2008年10月に広島の原爆ドーム上空に飛行機雲で「ピカッ」と書いたことで社会的騒動を巻き起こし、今年5月にも渋谷駅に設置されている岡本太郎の壁画《明日の神話》に福島原発事故の絵を付け足して物議を醸した若手芸術家集団Chim↑Pomの特別展示を、丸木美術館で開催することになりました。

きっかけは、「ピカッ」騒動で発表の場を失った彼らに対し、当時の針生一郎館長が発した「丸木美術館でやってもいいよ」という言葉でした。約束通り、針生館長は理事会で「Chim↑Pom展」の開催を提案。

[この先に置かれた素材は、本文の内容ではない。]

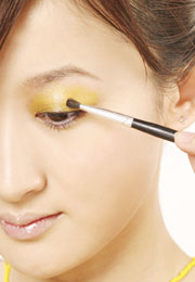 3、将眼影膏或唇油涂在眼影粉上面,注意:油脂的纯彩或眼影膏很容易花妆,要及时补妆。
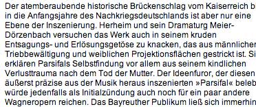 Man könnte auch sagen was die Amerikaner Bayreuth wünschten, Opperettenhaus zu werden, indem sie in die Ecken der Bühnen und sonstwo schissen, ist nun weithin eingeholt durch feierliche Selbsterlösung bunt und laut lachend alle.

残念ながら館長本人は2010年5月に亡くなりましたが、その言葉はChim↑Pomにとって励みとなり、展覧会の実現に向けて大きな力となったのです。
今回の展覧会は、Chim↑Pomがヒロシマからフクシマ、核や放射能と日本の関係をテーマに制作してきた活動をすべて見せる初の機会であり、彼らの活動の集大成となります。

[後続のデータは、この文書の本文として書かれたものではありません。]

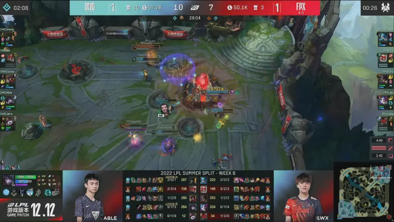 25分钟OMG带着大龙Buff推上高地,Able狂风闪现向前拿下双杀,OMG破掉FPX下路高地和门牙塔;

初日の12月10日にはオープニングイベントとして、Mr.Childrenのプロデュースなどで知られる音楽プロデューサーの小林武史とChim↑Pomによる初のコラボレーション、即興パフォーマンスを行います。
会期最終日の12月18日には二部構成でのトークショーを予定しています。出演者はいずれもヒロシマ、フクシマに対してアクションを起こしている方々で、悲劇的な放射能事故が起きた一年を振り返り、未来への礎にするイベントになりそうです。

   *   *   *

2011年12月10日(土)〜12月18日(日)
特別企画:Chim↑Pom展「LEVEL 7 feat. 広島!!!!」
http://www.mujin-to.com/hiroshima/
※12月12日(月)休館、寒いので暖かい服装でご来館ください。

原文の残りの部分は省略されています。